Abstract
To describe pathological changes in the anatomy of highly myopic (axially elongated) eyes, enucleated globes were examined by light microscopy and ocular structures were measured histomorphometrically. These studies revealed that highly axially myopic eyes show continuous thinning of the sclera starting at or behind the equator with a maximal thinning at the posterior pole; a profound thinning of the choroid decreasing from ∼250 to <10 μm in extreme axial myopia, secondary macular defects in the Bruch's membrane associated with a complete loss of retinal pigment epithelium and choriocapillaris, and retinal photoreceptors; a Bruch's membrane of normal thickness in contrast to the profound thinning of the choroid and the sclera; an up to 10-fold elongation and thinning of the peripapillary scleral flange as anterior roof of the orbital cerebrospinal fluid space, and subsequently a retrobulbar extension of the cerebrospinal fluid space; an increased distance of the peripapillary arterial circle of Zinn–Haller to the optic disc border; an elongation and thinning of the lamina cribrosa with a subsequently decreased distance between the intraocular pressure compartment and the retrobulbar orbital cerebrospinal fluid pressure compartment; an increasing exposure of the peripheral posterior lamina cribrosa surface to the cerebrospinal fluid space, no longer buffered by the solid optic nerve tissue; and the development and enlargement of parapapillary gamma zone, in contrast to a myopia-independent parapapillary beta zone. These anatomical changes may be associated with high axial myopia-related complications such as an increased susceptibility of glaucomatous optic neuropathy and myopic retinopathy.

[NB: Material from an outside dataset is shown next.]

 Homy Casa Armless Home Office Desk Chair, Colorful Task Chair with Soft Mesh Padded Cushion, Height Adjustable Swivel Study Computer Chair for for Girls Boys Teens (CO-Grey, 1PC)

Keywords: axial myopia, myopic retinopathy, Bruch's membrane, optic disc, peripapillary scleral flange, arterial circle Zinn-Haller
Axial myopia is defined as an axial length above the norm and too long for the refractive power of the whole optical system of the eye. Myopia, in particular high myopia, has become one of the major causes of visual field defects, visual impairment, and blindness.1, 2 The importance of myopia will further increase because of the myopic shift taking place in particular in Asian countries at the Pacific rim.3, 4, 5, 6, 7, 8 Recent population-based and community-based studies have shown that in schools in large Chinese cities, the prevalence of myopia (refractive error ≤−1.00 diopters) increased from 13% in the 7-year-old to 46% in the 12-year-old to 77% in the 18-year-old teenagers. The prevalence of high axial myopia (refractive error ≤−8.00 diopters) was about 5%.8, 10 In studies performed on university students in China in 2012, the prevalence of myopia increased to 95% and that of high myopia to 20%.10 The increasing prevalence of myopia in children and young adults in China is likely to produce an associated increase in the development of potentially vision-threatening myopia-related complications in older adults. It may demonstrate the importance myopia may gain or already has gained.

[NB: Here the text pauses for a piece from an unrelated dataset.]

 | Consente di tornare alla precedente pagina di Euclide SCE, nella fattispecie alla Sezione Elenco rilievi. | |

Definition of high axial myopia
Previous population-based and hospital-based studies have revealed that axial myopia, in particular high axial myopia, is a risk factor for the development of rhegmatogenous retinal detachment, glaucomatous optic neuropathy, and myopic retinopathy, to name only a few.11, 12 The question arises what the cutoff value is to differentiate between moderate axial myopia and high axial myopia. If high axial myopia is characterized by an elongation of the globe, predominantly at the posterior pole, one may define the cutoff value for high axial myopia as the refractive error or axial length at which the size of the optic disc and the parapapillary atrophy markedly enlarges. Hospital-based and population-based investigations have revealed that the optic disc and the parapapillary atrophy start to enlarge at about a value of −8.00 diopters of refractive error or an axial length of ∼26.5 mm.13, 14, 15 Beyond these values, the prevalence of myopic retinopathy and glaucomatous optic neuropathy steeply increased.11, 12 One may therefore consider high axial myopia as a myopia refractive error of >−8.00 diopters or an axial length >26.5 mm.

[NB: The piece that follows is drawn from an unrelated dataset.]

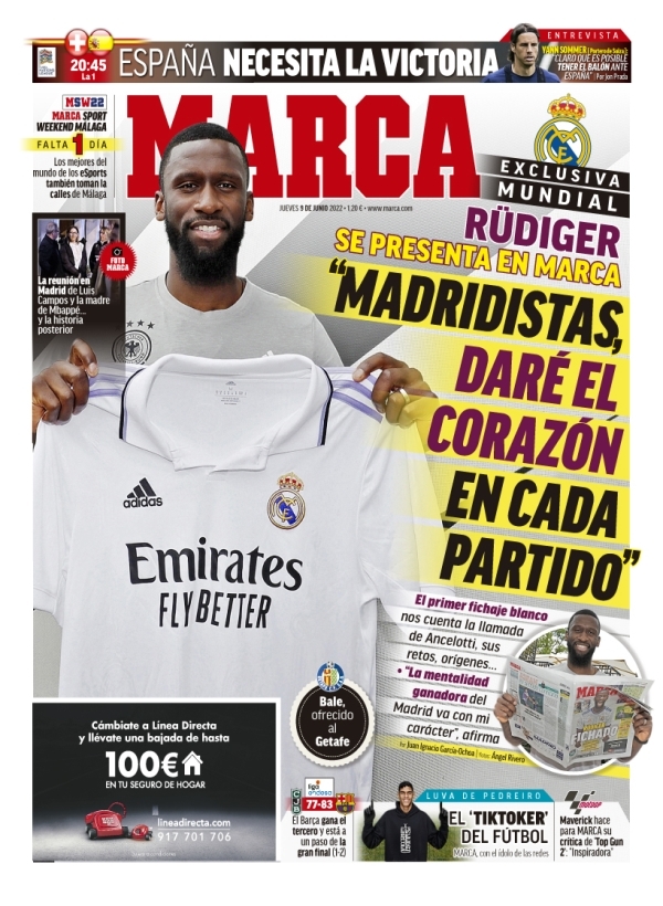 Rüdiger mostró aplomo en su primera rueda de prensa. También felicidad y alegría. Como ya mostró en MARCA, en su primera entrevista como jugador del Madrid, dejó la sensación de que va a encajar perfectamente en el vestuario del Madrid. "Soy un líder, pero Roma no se construyó en dos horas", dijo. Rüdiger tiene ganas, pero conoce los plazos del fútbol. Y también las dificultades que tienen los inicios. "Para eso tienes a la afición del Madrid", le dijo Florentino Pérez, que le definió como uno de los mejores centrales del mundo. Lo mismo opina Ancelotti, el hombre que terminó de convencerlo en el mes de abril en una charla privada. El del italiano fue el último empujó para cerar una operación que empezó en el mes de septiembre de 2021, con la llamada del Madrid a su agente y hermanastro, Sahr Senesie.

Histological changes in high axial myopia: sclera
In non-axially elongated eyes with an axial length of ≤26.0 mm, mean scleral thickness decreased from the limbus (0.50±0.11 mm) to the ora serrata (0.43±0.14 mm) and the equator (0.42±0.15 mm), and then increased to the midpoint between posterior pole and equator (0.65±0.15 mm) to the peri-optic nerve region at the merging point of the dura mater with the posterior sclera (0.86±0.21 mm), and finally to the posterior pole (0.94±0.18 mm).16, 17 The thickness of the peripapillary scleral flange as bridge between the lamina cribrosa of the optic nerve head and the posterior sclera was the lowest of all measurements (0.39±0.09 mm).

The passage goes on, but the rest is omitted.